ImageGear Recognition API allows saving recognized data to a number of simple text and XML formats. Use ImGearRecOutputManager.WriteDirectText methods to write recognized data of an ImGearRecPage object, or an array of ImGearRecPage objects, to a file or a stream as text. Use ImGearRecOutputManager.DirectTextFormat property to get or set the format for saving. The following formats are available:
- Simple Text.
- Comma Separated Text, which can be used to represent tables.
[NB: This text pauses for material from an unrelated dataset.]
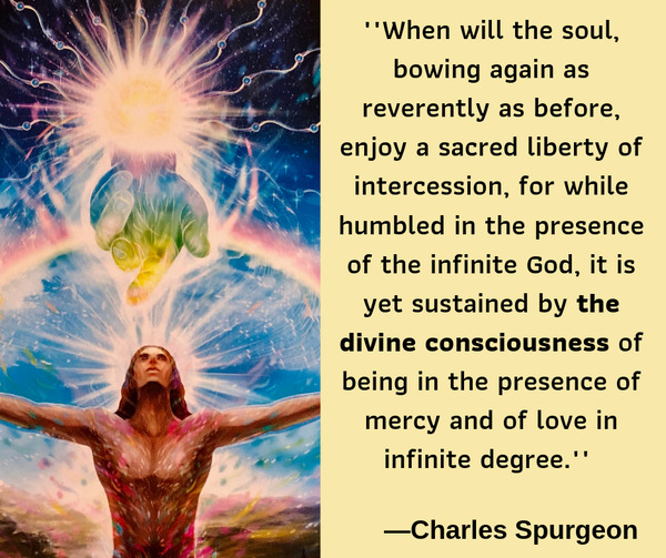 그러면 혼은 이전처럼 경건하게 다시 엎드려 간구의 신성한 자유를 누릴 것이다. 무한한 신(the infinite God) 앞에서 겸손해지는 동안에도, 무한한 정도(infinite degree)의 자비와 사랑 앞에서 신성한 의식(the divine consciousness)으로 유지되기 때문이다.” – 찰스 스펄전

- Formatted Text, which delivers plain text, but attempts to keep layout (columns and boxes) as detected in the original image using tabulators.
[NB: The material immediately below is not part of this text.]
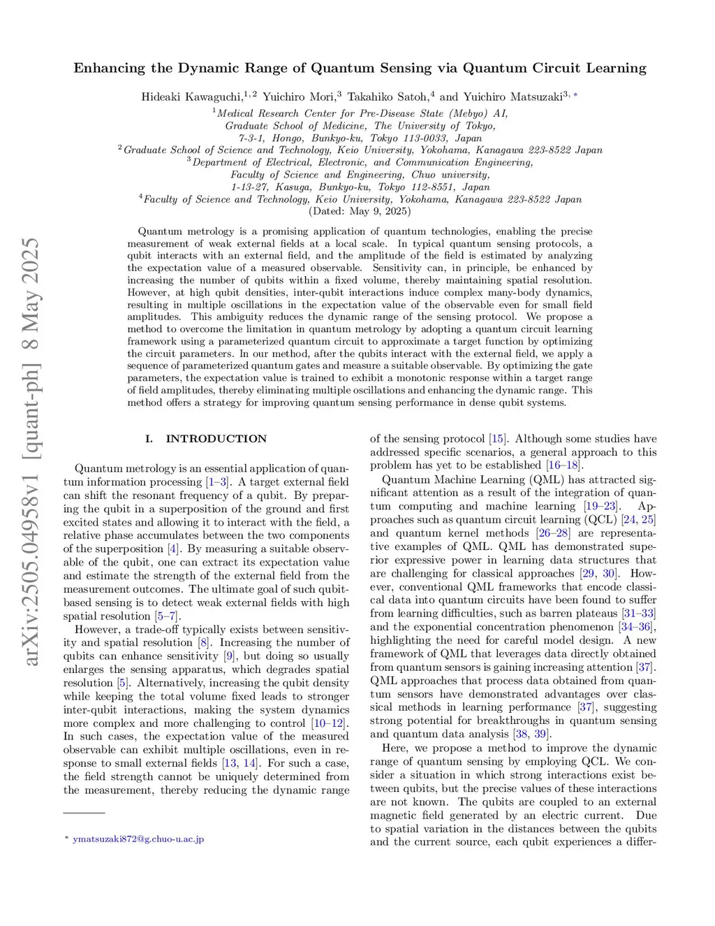 Quantum metrology is a promising application of quantum technologies, enabling the precise measurement of weak external fields at a local scale. In typical quantum sensing protocols, a qubit interacts with an external field, and the amplitude of the field is estimated by analyzing the expectation value of a measured observable. Sensitivity can, in principle, be enhanced by increasing the number of qubits within a fixed volume, thereby maintaining spatial resolution. However, at high qubit densities, inter-qubit interactions induce complex many-body dynamics, resulting in multiple oscillations in the expectation value of the observable even for small field amplitudes. This ambiguity reduces the dynamic range of the sensing protocol. We propose a method to overcome the limitation in quantum metrology by adopting a quantum circuit learning framework using a parameterized quantum circuit to approximate a target function by optimizing the circuit parameters. In our method, after the qubits interact with the external field, we apply a sequence of parameterized quantum gates and measure a suitable observable. By optimizing the gate parameters, the expectation value is trained to exhibit a monotonic response within a target range of field amplitudes, thereby eliminating multiple oscillations and enhancing the dynamic range. This method offers a strategy for improving quantum sensing performance in dense qubit systems.

- Simple XML with letter coordinates, which is typically used for further processing recognized data. You can easily parse (e.g., MSXML) or transform (XSLT) the output xml file. The format of the xml output is specified by the same scheme as the Layout Retention Xml Output. Refer to Nuance XML schema, ssdoc-schema3.xsd, distributed in the ImageGear .NET installation's Bin directory.
Writing Results to a File
The following example loads an image file, recognizes it, and outputs it to a file as formatted text.
C# |
Copy Code |
using (FileStream content = new FileStream("test1.tif", FileMode.Open))
{
ImGearPage igPage = ImGearFileFormats.LoadPage(content, 0);
ImGearRecPage recPage = igRecognition.ImportPage((ImGearRasterPage)igPage);
recPage.Image.Preprocess();
recPage.Recognize();
igRecognition.OutputManager.CodePage = "Windows ANSI";
igRecognition.OutputManager.DirectTextFormat = ImGearRecDirectTextFormat.FormattedText;
if (File.Exists("singlePage.TXT"))
{
File.Delete("singlePage.TXT");
}
igRecognition.OutputManager.WriteDirectText(recPage, "singlePage.TXT");
recPage.Dispose();
} |
VB.NET |
Copy Code |
Using content As New FileStream("test1.tif", FileMode.Open)
Dim igPage As ImGearPage = ImGearFileFormats.LoadPage(content, 0)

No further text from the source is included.